The majority of the army will get into mêlée combat by turn 3 at the latest, and usually, a full half or more hitting it up in turn two. The hounds are the only units that are subject to psychology, but are not a bother to the rest of the army as they are all Frenzied, Daemonic, or both. Recently the army has drawn against an Empire army, and has decimated 2 Lizardmen Slann armies, and 2 Dwarf armies (one shooty, other mixed).

So, that's the rundown. Now, do you think this list is a 'fun' list? Could it be? Or do you consider it to be a 'strictly' tournament list?


----------



## Red Orc (Jun 14, 2007)

I think it comes down to how you play in the end. OK, you'll never win a tourney with a pure fluff list, no matter how well you play, but you can have a killer list and still play a fun game, surely?
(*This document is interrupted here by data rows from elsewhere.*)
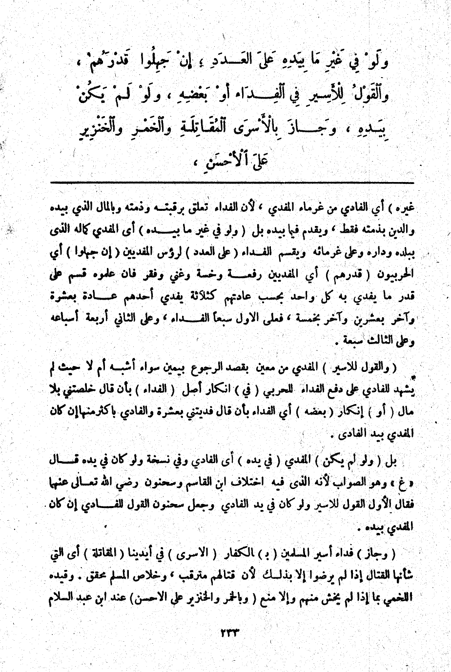ـــــــــــــــــــــــــــــQغَيْرِهِ) أَيْ الْفَادِي مِنْ غُرَمَاءِ الْمُفْدَيْ لِأَنَّ الْفِدَاءَ تَعَلَّقَ بِرَقَبَتِهِ وَذِمَّتِهِ وَبِالْمَالِ الَّذِي بِيَدِهِ وَالدَّيْنُ بِذِمَّتِهِ فَقَطْ، وَيُقَدَّمُ فِيمَا بِيَدِهِ بَلْ (وَلَوْ فِي غَيْرِ مَا بِيَدِهِ) أَيْ الْمُفْدِي كَمَالِهِ الَّذِي بِبَلَدِهِ وَدَارِهِ وَعَلَى غُرَمَائِهِ وَيُقْسَمُ الْفِدَاءُ (عَلَى الْعَدَدِ) لِرُءُوسِ الْمَفْدِيِّينَ (إنْ جَهِلُوا) أَيْ الْحَرْبِيُّونَ (قَدْرَهُمْ) أَيْ الْمَفْدِيِّينَ رِفْعَةً وَخِسَّةً وَغِنًى وَفَقْرًا فَإِنْ عَلِمُوهُ قُسِمَ عَلَى قَدْرِ مَا يُفْدَى بِهِ كُلُّ وَاحِدٍ بِحَسَبِ عَادَتِهِمْ كَثَلَاثَةٍ يُفْدَى أَحَدُهُمْ عَادَةً بِعَشْرَةٍ وَآخَرُ بِعِشْرِينَ وَآخَرُ بِخَمْسَةٍ، فَعَلَى الْأَوَّلِ سُبْعَا الْفِدَاءِ، وَعَلَى الثَّانِي أَرْبَعَةُ أَسْبَاعِهِ وَعَلَى الثَّالِثِ سُبْعُهُ.
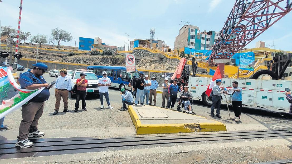 Un grupo de representantes dediversasorganizacionessociales y sindicales de Ilo realizóunplantónenelcrucedeEl Ratón,demandandounasolución inmediata a la contaminación del agua potable en la ciudad,así como otras necesidades urgentes de la población.
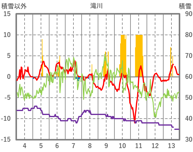 | 日 | 時 | 気温 | 降水 | 風向/風速 | 日照 | 積雪 | 降雪 |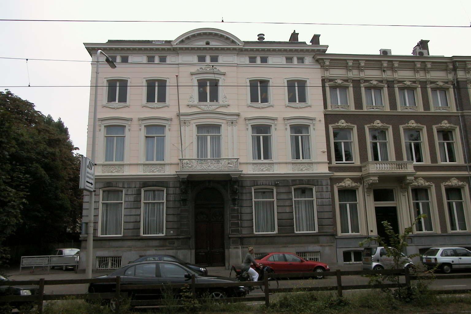 Herenhuis op nagenoeg vierkante plattegrond, bestaande uit souterrain, drie bouwlagen en een mezzanino onder een met shingles gedekt afgeknot schilddak, vijf vensterassen breed.

There was a sort of 'what if?' I remember in WD a couple of years back, something like this: what if, your last Dwarf Slayer is facing off against a dragon that ripped through 3 of your units, it's the last turn of the game, and the dragon has unluckily found itself in front of your artillery? Do you blow it away with multiple cannon, thereby securing a whole pile of victory points, or does your Slayer shout "Eat my orange head, scaly-face!" and rush towards it waving a big axe, thereby handing your opponant a huge pile of victory points?

The answer was "depends if you're playing a tourney or a cool, fun, fluffy battle".

So I think I mean, yeah, don't worry about the list, it'll be fine. Just don't play it like Alexander the Great. Think about the _army_ a bit, instead of the _tactics_. Why are the hounds there, for instance? _You_ (as Alexander the Great) know they're there as march-blockers and a fast-cav screen and to lure out goblin fanatics or whatever - but why do _they_ think they're there? Probably to eat, I'd think. So instead of positioning and playing them like a general, try using them like a viscious, hungry thing. Locate the enemy's weakest unit (preferably halflings, maybe night goblins), then send all your hounds to go and eat it.

You will lose more games this way, I guarantee it; but you might have more fun, and there's at least a possibility that your regular gaming buddies might have more fun too...

Alternatively they may think you're an unpredictablew nut who has exchanged his brain for potted meat, it's difficult to tell...


----------



## Frodo (Nov 13, 2007)

I play with a strong dwarves list but I still manage to have great battles with it. a unit of slayers including hero smashing their way through several units/hero types before being smashed to a pulp by that small archer unit is always comical.


----------



## Hespithe (Dec 26, 2006)

Well, as an update to this thread...

The army won 2 and drew 1 with no losses, and was one of 5 or so fully painted armies in the pool of 20 gamers. I failed to place, even with a better record than the unpainted 3rd place finisher..... So.... I guess that pretty much spells out how well they liked the army.

I am still, after 2 weeks, quite upset about that.


----------